EXERCISE BRIEF = Take the lines below from the one with "Форму для запекания" through the one with "Lantaarnplaat met komische" and retype them exactly. Include nothing else, and no pictures.

DATA PROVIDED =
*****

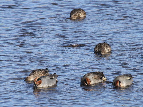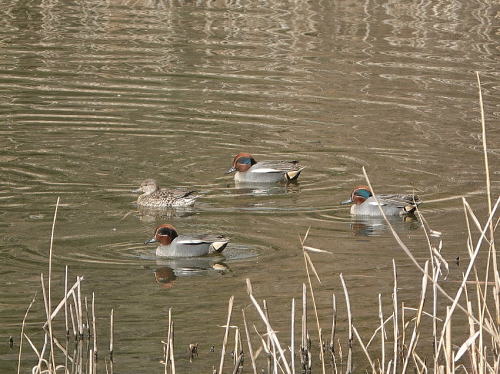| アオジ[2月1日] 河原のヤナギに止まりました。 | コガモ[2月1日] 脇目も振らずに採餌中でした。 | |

*****

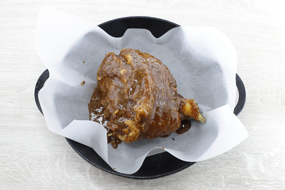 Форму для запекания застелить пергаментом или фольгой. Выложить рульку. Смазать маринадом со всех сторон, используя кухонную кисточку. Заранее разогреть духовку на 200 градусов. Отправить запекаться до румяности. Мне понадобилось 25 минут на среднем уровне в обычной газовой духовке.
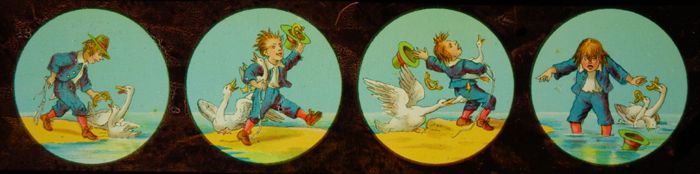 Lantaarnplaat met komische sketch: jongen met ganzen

*****

RESPONSE TO THE TASK =
 Форму для запекания застелить пергаментом или фольгой. Выложить рульку. Смазать маринадом со всех сторон, используя кухонную кисточку. Заранее разогреть духовку на 200 градусов. Отправить запекаться до румяности. Мне понадобилось 25 минут на среднем уровне в обычной газовой духовке.
 Lantaarnplaat met komische sketch: jongen met ganzen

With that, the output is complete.